**Given information:**
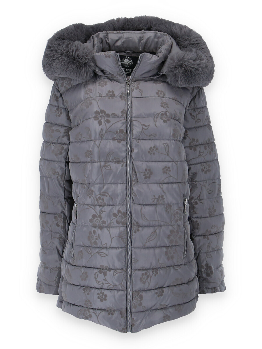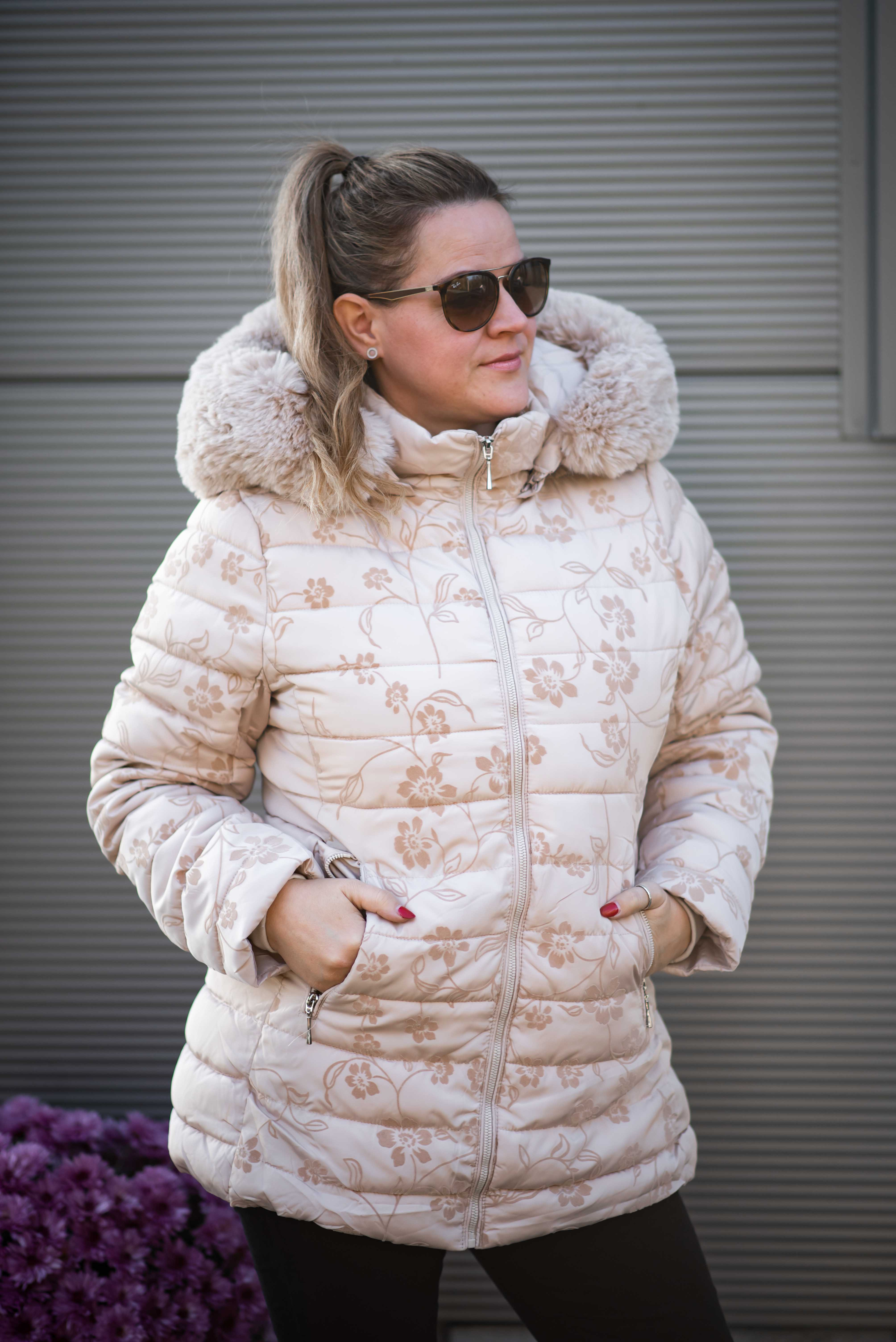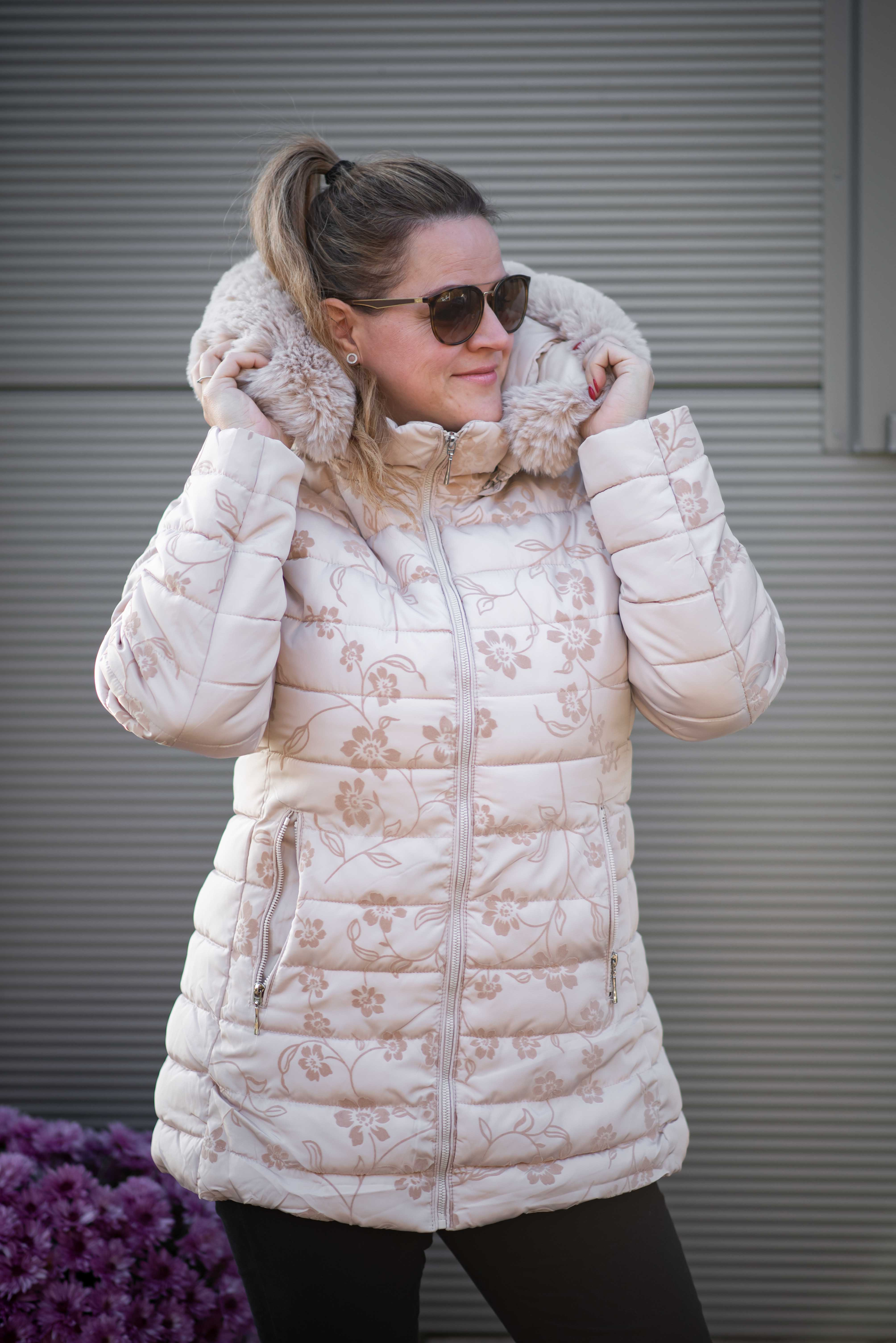 Dámská delší zimní bunda s kapucí a kožíškem. Odnímatelná kapuce
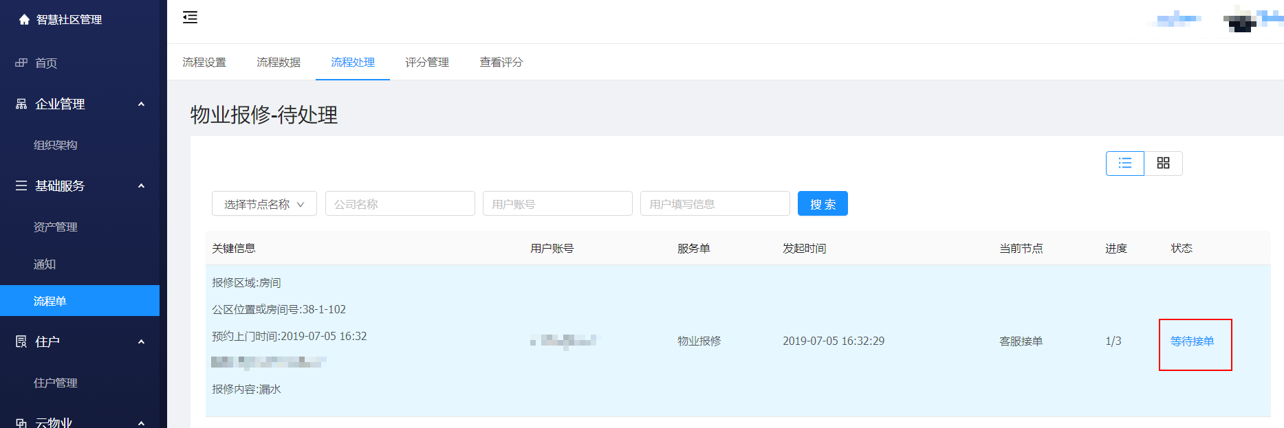 物业报修单处理
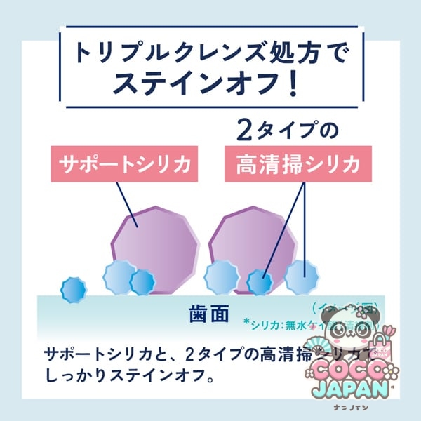 치아의 긁힘・황변 등의 스테인(착색 더러움)을 떨어뜨려, 붙기 어렵게 하는 것으로, 치아 본래의 흰색을 되찾아, 깨끗한 치아를 유지하는 미백 치약. 확실히 스테인을 떨어뜨리는 "트리플 클렌즈 처방"타입입니다. 불소 배합으로 충치도 방지합니다. 상쾌한 꿀 레몬이 쿵과 달콤한 향기로운 맛. 확실히 스테인 케어를하고 싶은 분에게 추천합니다.
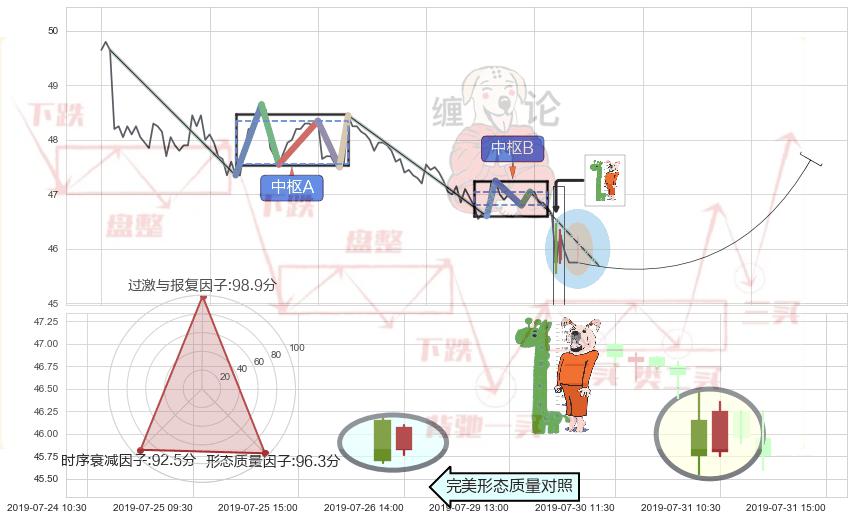 ➢ 【中枢B】:07-26:11-07-30:09,中枢由4笔构成,共11交易小时, ZG=47.05, ZD=46.80

**Work item:** Output the material above exactly, without pictures.

**Response:**
 Dámská delší zimní bunda s kapucí a kožíškem. Odnímatelná kapuce
 物业报修单处理
 치아의 긁힘・황변 등의 스테인(착색 더러움)을 떨어뜨려, 붙기 어렵게 하는 것으로, 치아 본래의 흰색을 되찾아, 깨끗한 치아를 유지하는 미백 치약. 확실히 스테인을 떨어뜨리는 "트리플 클렌즈 처방"타입입니다. 불소 배합으로 충치도 방지합니다. 상쾌한 꿀 레몬이 쿵과 달콤한 향기로운 맛. 확실히 스테인 케어를하고 싶은 분에게 추천합니다.
 ➢ 【中枢B】:07-26:11-07-30:09,中枢由4笔构成,共11交易小时, ZG=47.05, ZD=46.80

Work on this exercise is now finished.